Quarus
Page 40
‘Yes, Ab?’ She was a little surprised, since she only knew Ab as the rigger who brought hot trolleys to the lab on days when he was doing galley duty.
‘It’s harmonic with D17,’ said Ab.
There was an immediate dismissal from many of the people around him – tolerant in the Fourth, a little impatient amongst some of the civilians.
‘Everything is…’ two people said simultaneously, and Oti herself adopted the kindly look of an adult about to commend a child for a really clever idea, good boy, but evidently feeling, from the general reaction, that they’d heard enough.
‘Oi!
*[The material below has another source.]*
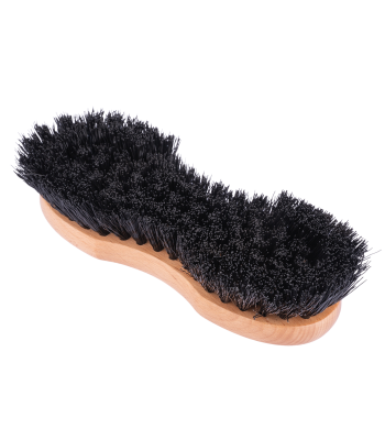 Пластиковые щетинки разного размера позволяют легко чистить копыта лошади, а щетку легко отряхнуть. Деревянную ручку с "талией" удобно держать в руках.
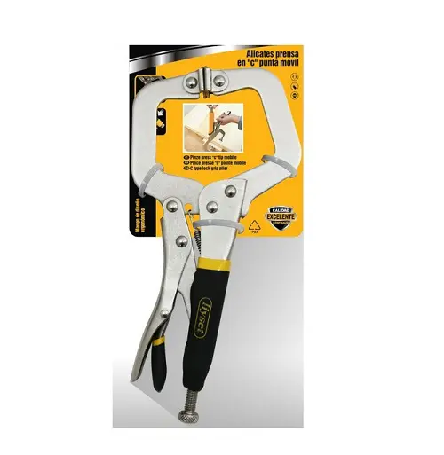 Alicates de 10» con prensa en «C» de punta móvil. Calidad industrial. Mordaza de gran amplitud. Punta giratoria para sujetar piezas cónicas e irregulares. Queda fija en la posición deseada. Con tornillo regulador y palanca de liberación.

No!’ The interruption was unexpected both in its force and its origin. The speaker was Ali Jezno, normally the most easy going of men, but now emphatic in defence of his friend. ‘Ab is smart!’ he declared, as people gave him startled looks. ‘Listen to him!’
Oti looked at Ab, who was going rather red. He was the most junior, least qualified person on the ship, his only claim to fame being that he was a spacer with a phobia of spaceports. In this room full of brilliant and extremely well qualified people, it seemed unlikely that he could have anything of worth to contribute.
‘Go on!’ Ali was speaking to Ab, now, shoving him to his feet with a hand in the small of his back. ‘Tell them!’
Oti gave way, giving a slightly helpless go on, then gesture and resuming her own seat. Seminar protocol was that the person standing had the floor, though this did not prevent everyone else interrupting them or breaking into side-conversations of their own, with Oti calling them all back to order when the babble became too much. Now, though, there was a silence as they all looked at Ab.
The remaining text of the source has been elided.